■ **WORK REQUEST**:
With all images left out, restate the records below exactly as written.

[Dataset excerpts]

·····

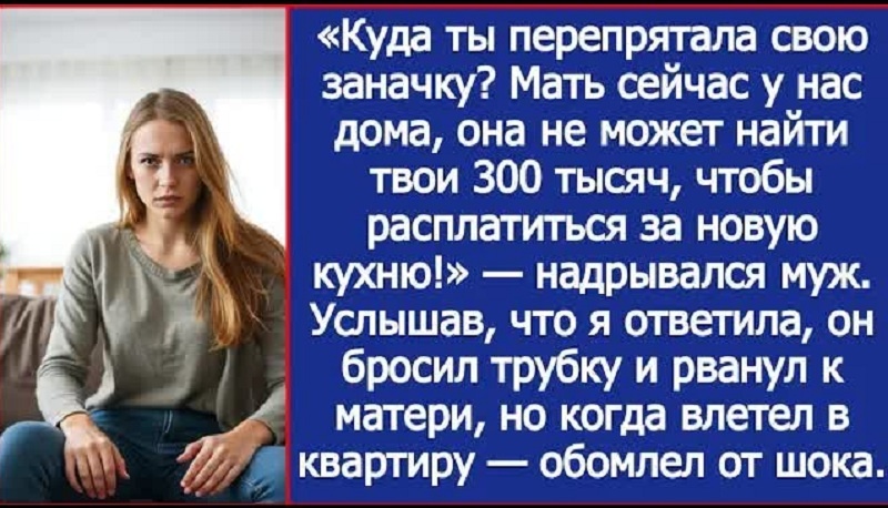 — Куда ты перепрятала свою заначку? Мать сейчас у нас дома, она не может найти твои триста тысяч! — голос мужа в телефонной трубке звучал не просто раздраженно, а требовательно, с нотками искреннего возмущения, будто я спрятала пульт от телевизора, а не собственные деньги.
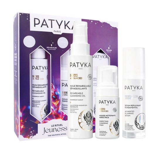 Patyka Youthful Ritual é um conjunto que inclui três produtos essenciais para o cuidado da pele, projetado para proporcionar uma aparência visivelmente mais jovem. Este cofre contém:
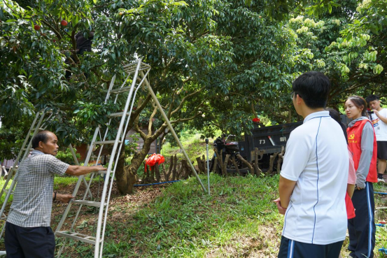 下午,实践团成员走进荔枝园,与采摘荔枝的农民进行了亲切交流,询问了他们的工作情况、生活状况等问题,了解了他们对从化荔枝产业的看法和建议。实践团成员还向他们介绍了电子商务的优势和乡村振兴发展机遇,电子商务与荔枝产业有机融合,不仅可以创新荔枝销售模式,还可以提高荔农收入水平,改善生活条件。在交流过程中,实践团成员看着荔农汗流浃背的背景,对“荔荔皆辛苦”有了更深的认识。
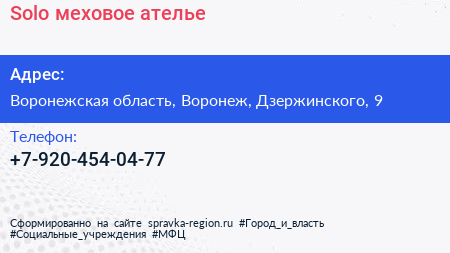 Solo, меховое ателье по адресу Воронежская область, Воронеж, Дзержинского, 9 в дальнейшем Организация, размещена в следующих категориях:
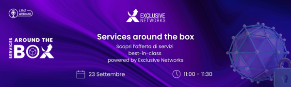 Il 23 Settembre, alle ore 11.00, ti aspettiamo al webinar “Services around the box” per presentarti i servizi best-in-class di Exclusive Networks dedicati a semplificare i processi di installazione e configurazione dei dispositivi.
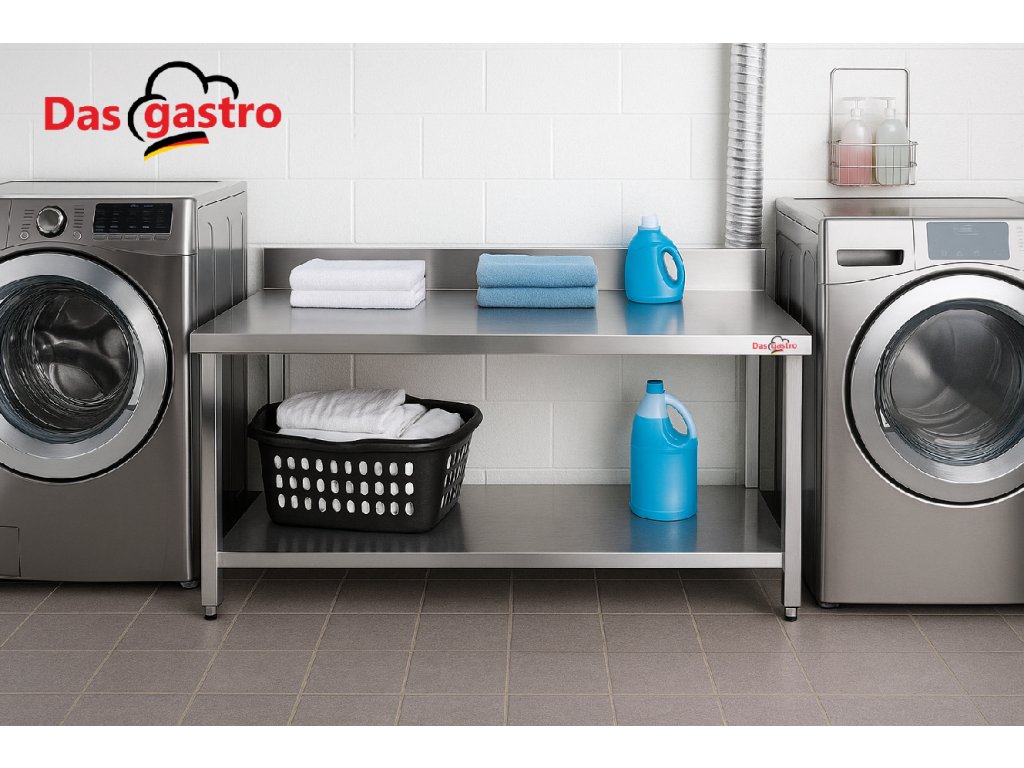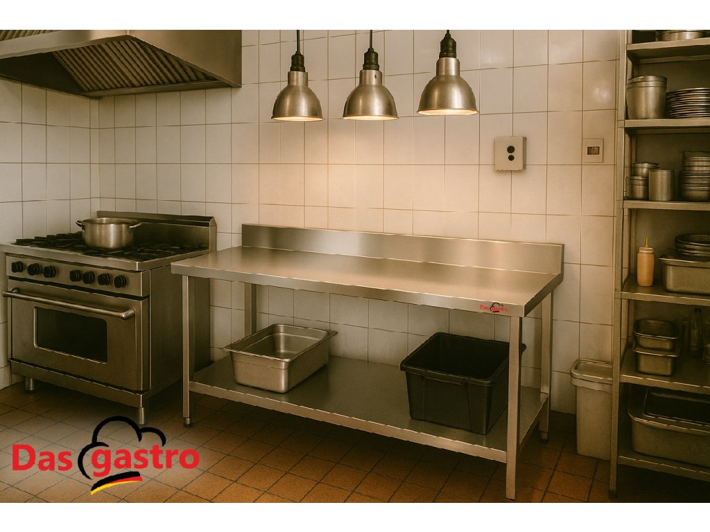- Nerezový pracovní stůl se spodní policí a zadním lemem
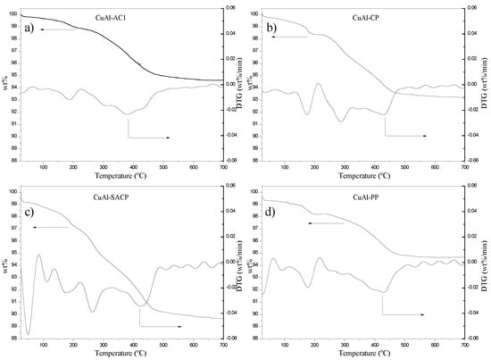 Figure 10 shows the TGA results obtained from the CuAl catalyst used in the liquid phase. Step I, between 25–140 °C, is associated with the loss of physisorbed water, while Step II, between 140–700 °C, is associated with the dehydration of boehmite to Al2O3. Thus, a greater weight loss is due to a greater formation of boehmite during the reaction conditions. The % weight loss in Step II follows the following trend: CuA-SACP (8.78%) > CuAl-CP (6.07%) > CuAl-AC1 (4.89%) > CuAl-PP (4.36%). These results indicate that CuAl catalysts obtained by precipitation methods (CP and SACP) tend to form larger amounts of boehmite under the selected reaction conditions.

·····

■ **EXERCISE RESULT**:
 — Куда ты перепрятала свою заначку? Мать сейчас у нас дома, она не может найти твои триста тысяч! — голос мужа в телефонной трубке звучал не просто раздраженно, а требовательно, с нотками искреннего возмущения, будто я спрятала пульт от телевизора, а не собственные деньги.
 Patyka Youthful Ritual é um conjunto que inclui três produtos essenciais para o cuidado da pele, projetado para proporcionar uma aparência visivelmente mais jovem. Este cofre contém:
 下午,实践团成员走进荔枝园,与采摘荔枝的农民进行了亲切交流,询问了他们的工作情况、生活状况等问题,了解了他们对从化荔枝产业的看法和建议。实践团成员还向他们介绍了电子商务的优势和乡村振兴发展机遇,电子商务与荔枝产业有机融合,不仅可以创新荔枝销售模式,还可以提高荔农收入水平,改善生活条件。在交流过程中,实践团成员看着荔农汗流浃背的背景,对“荔荔皆辛苦”有了更深的认识。
 Solo, меховое ателье по адресу Воронежская область, Воронеж, Дзержинского, 9 в дальнейшем Организация, размещена в следующих категориях:
 Il 23 Settembre, alle ore 11.00, ti aspettiamo al webinar “Services around the box” per presentarti i servizi best-in-class di Exclusive Networks dedicati a semplificare i processi di installazione e configurazione dei dispositivi.
- Nerezový pracovní stůl se spodní policí a zadním lemem
 Figure 10 shows the TGA results obtained from the CuAl catalyst used in the liquid phase. Step I, between 25–140 °C, is associated with the loss of physisorbed water, while Step II, between 140–700 °C, is associated with the dehydration of boehmite to Al2O3. Thus, a greater weight loss is due to a greater formation of boehmite during the reaction conditions. The % weight loss in Step II follows the following trend: CuA-SACP (8.78%) > CuAl-CP (6.07%) > CuAl-AC1 (4.89%) > CuAl-PP (4.36%). These results indicate that CuAl catalysts obtained by precipitation methods (CP and SACP) tend to form larger amounts of boehmite under the selected reaction conditions.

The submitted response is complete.